Football star shot holding up store

Dundalk High player is killed by clerk in liquor outlet

March 14, 2002|By Dennis O'Brien and Stephanie Desmon | Dennis O'Brien and Stephanie Desmon,SUN STAFF

A 17-year-old college-bound football star at Dundalk High School was shot and killed yesterday morning when he tried to hold up a liquor store a few blocks from the school.

Derrick Lemell Breedlove, a senior who planned to attend a Virginia university on a football scholarship next fall, was killed inside Modern Discount Liquors in the 6900 block of Holabird Ave.

Baltimore County police said he entered the store armed with a pellet gun and was shot by a clerk after taking a bag of cash.

Police said they were questioning another Dundalk student last night who might have been waiting outside the store in a getaway car. Police found the vehicle in the parking lot at Dundalk High and towed it away as part of the investigation.

No charges have been filed against the clerk, said Cpl. Vickie Warehime, a police spokeswoman, who noted that the store had been held up at gunpoint twice last month.

"We're looking at the possibility that this robbery might be connected to the two other robberies," she said.

At Dundalk High, Breedlove was known as a bright kid with a bright future.

"When I got the call, I thought it must be a mistake, it has to be a mistake," said Kim Stephanic, the school's principal. "Derrick was supposed to be in his first-period class and instead he was robbing a liquor store. I can't understand it. ...

"I'm devastated. Derrick was a kid with a promising future. Of course, I could never defend his choice and, to be quite honest, I can't explain it."

Warehime said that Breedlove walked into the store shortly after 9 a.m., displayed the pellet gun and demanded money from a clerk behind the counter. A second clerk, Richard Kosinski, 50, who lives near the store, was in a back room and witnessed the robbery, she said.
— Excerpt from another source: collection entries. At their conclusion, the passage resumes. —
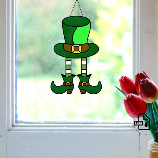 Koboldhut- und Stiefelmuster • St. Patrick's Day-Muster aus Buntglas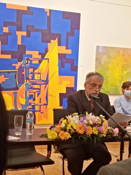 Η εκδήλωση συνεχίστηκε με τα εγκαίνια της εικαστικής έκθεσης του Τμήματος Εικαστικών και Εφαρμοσμένων Τεχνών της Σχολής Καλών Τεχνών του Αριστοτελείου Πανεπιστημίου Θεσσαλονίκης με τίτλο «Ζωγράφος: ιεροφάντης ή διαχειριστής;», η οποία φιλοξενείται στο Κτίριο Χρυσόγελου. Την προλόγισε ο εικαστικός Δημήτρης Ζουρούδης, Καθηγητής του Τμήματος, αναφερόμενος στη σύγχρονη ζωγραφική και στη δυνατότητά της να διαμεσολαβεί ανάμεσα στην ιστορική μνήμη και στην αισθητική εμπειρία του θεατή με τρόπους πολυπλοκότερους από την αναπαραστατική ζωγραφική.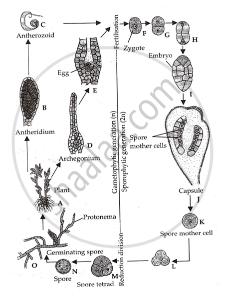 by fragmentation; by the buds formed in secondary protonema, etc. The sex organs, antheridia and archegonia are produced in dusters at the apices of the leafy shoots. Antheridia produces antherozoids and archegonia produces egg. Antherozoid (male gamete) and egg (female gamete) fuse and form zygote. Zygote develops into a sporophyte; which is differentiated into foot, seta and capsule, and spores are produced in the capsule.

Kosinski retrieved a handgun, walked out a side door and re-entered through the front door, Warehime said. He confronted Breedlove and shot him twice in the upper body.

Breedlove was a 6-foot 2-inch, 251-pound tight end and defensive end for Dundalk High and had planned to attend Hampton University, in Hampton, Va., on a football scholarship next fall.

A woman at Breedlove's home who identified herself as an aunt said yesterday that the family was in shock and is convinced that he was "hanging with the wrong crowd."

Dundalk High senior Steve Nadeau, who played right tackle next to Breedlove, said he believed his friend's talent and brains would have taken him somewhere.

"He was good in school and great in sports," Nadeau recalled yesterday. "When we were in 10th grade, he had colleges looking at him. I was, like, he's going to be the real deal."

Nadeau said he is sure Breedlove "wouldn't have harmed a soul."

But Nadeau said he worried about his classmate, who came from a family with very little money.

"We're not a bunch of Dulaney [High School] kids. We don't have the rich kids. We don't have a lot of money," Nadeau said. "When you struggle like that ... anybody would break."

Breedlove had worked at the McDonald's in the 2200 block of Dundalk Ave., but quit about a month ago, saying that he had found a better job, according to a worker at the restaurant.

Warehime said the results of the police investigation will be turned over to Baltimore County State's Attorney Sandra A. O'Connor for review.

Breedlove, who was pronounced dead at the scene, did not fire any shots, Warehime said.

She also said that when he was shot, Breedlove was holding a bag of stolen money and a pellet gun that bore a "striking resemblance" to an automatic handgun.

"If you looked at that gun, there's no way you could tell the gun was not a semiautomatic until you held it and disassembled it," she said.

Police say Modern Discount Liquors clerks had reported armed robberies at the store Feb. 5 and Feb. 22. Neighbors said those robberies had put the working-class community on edge in recent weeks.

"It had everybody worried. It's not the kind of thing that happens that often around here," said Jim Clarke, who runs the Express Shoe Repair shop next to the store.

Sonny Brown, the owner of the liquor store, did not return phone calls last night.

But Clarke said that after the store was held up at gunpoint Feb. 22, the clerk who was on duty quit out of fear that there would be another robbery.

Neighbors expressed concern yesterday about what they see as an increase in crime in the community.

George Yeager, who lives near the store, said his home was burglarized about a year ago and he purchased two guns for protection recently because of a rash of break-ins at neighborhood shops and homes. "It seems like everybody around here's been robbed at least once," Yeager said.

Sun staff writer Linda Linley contributed to this article.